李新杰a,徐鹤a,于美a,张超b,郭安儒a,刘畅c*()   

  1. a航天材料及工艺研究所 北京 100076
    b北京航空航天大学材料科学与工程学院 北京 100191
    c中国科学院长春应用化学研究所 长春 130022
  • 收稿日期:2018-08-15 出版日期:2019-05-01
  • 通讯作者: 刘畅
  • 基金资助:
    中国科协青年人才托举工程第三届(2017-2019)项目(2017QNRC001)

Nitrogen-Doped Graphitic Carbon Coated Cobalt Nanocatalysts for Highly Efficient and Durable Hydrogen Evolution Reaction

LI Xinjiea,XU Hea,YU Meia,ZHANG Chaob,GUO Anrua,LIU Changc*()   

  1. aAerospace Research Institute of Materials & Processing Technology,Beijing,100076,China;
    bDepartment of Materials Science and Engineering,Beihang University,Beijing 100191,China
    cChinese Academy of Sciences,Changchun Institute of Applied Chemistry,Changchun,100032,China
  • Received:2018-08-15 Published:2019-05-01
  • Contact: LIU Chang
  • Supported by:
    Supported by the Young Elite Scientists Sponsorship Program by CAST(No.2017QNRC001)

摘要:

电催化制氢是解决当前能源危机的重要手段之一。 研究高效稳定的非贵金属电催化剂是电催化制氢商业应用的重点。 本文通过直接高温热解双金属沸石咪唑骨架,制备了一种氮掺杂石墨炭(NC)包覆均匀分布的钴纳米颗粒电催化剂(V-Co@NC,这里V是vacancy缩写),前躯体中的Zn元素有效地防止钴纳米颗粒的聚集,并有助于生成均匀分布的钴纳米颗粒。 这种特殊的纳米结构可防止钴与电解液的直接接触,提升了其循环稳定性,同时,氮元素的掺杂提升了导电性,有利于电催化制氢性能的提升。 结果表明,所制备的V-Co@NC催化剂在酸性和碱性电解液中均具有良好的催化性能,且经过5000次循环测试后催化活性基本保持不变,具有良好的应用前景。为高活性和高选择性的电催化制氢催化剂的发展提供一种全新的途径。

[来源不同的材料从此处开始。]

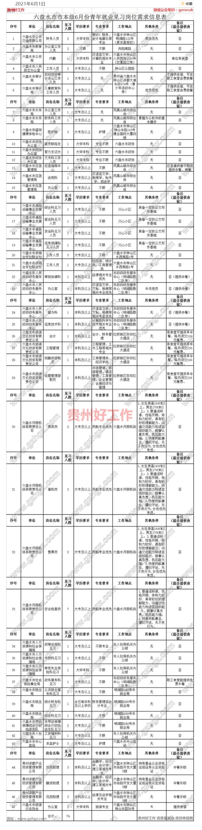 六盘水市市本级6月征集就业见习岗位47个,招募就业见习人员74名。

关键词: 制氢, 电催化, 非贵金属催化剂, 高稳定性

Abstract:

Electrocatalytic hydrogen evolution reaction(HER) provides one of the most important pathways for the crisis of energy consumption. The research of both highly efficient as well as highly stable non-noble metal electrocatalysts is the key point of commercial application of HER. In this paper, through direct pyrolysis of bimetallic ZnCo zeolitic imidazolate frameworks(ZIFs), the electrocatalyst of evenly distributed Co nanoparticle coated by nitrogen-doped graphitic carbon(V-Co@NC, V, vacancy) could be easily prepared. The existence of Zn element in the precursor could prevent efficiently the aggregation of Co nanoparticles, and help for the formation of uniformly distributed Co nanoparticles. Such unique nanostructure prevents direct contact between cobalt and electrolyte, promots their durability. Meanwhile, the existence of nitrogen dopants enhances the conductivity of catalyst, and contributes to the HER activity greatly. As a result, as-prepared V-Co@NC catalyst exhibits high electrocatalytic activity towards HER in both acidic and alkaline electrolyte, meanwhile the activity remains stable even after 5000 cycles. These performances indicate promising commercial application of the V-Co@NC catalyst. This work opens a new way for the development of HER electrocatalysts with both high activity and stability.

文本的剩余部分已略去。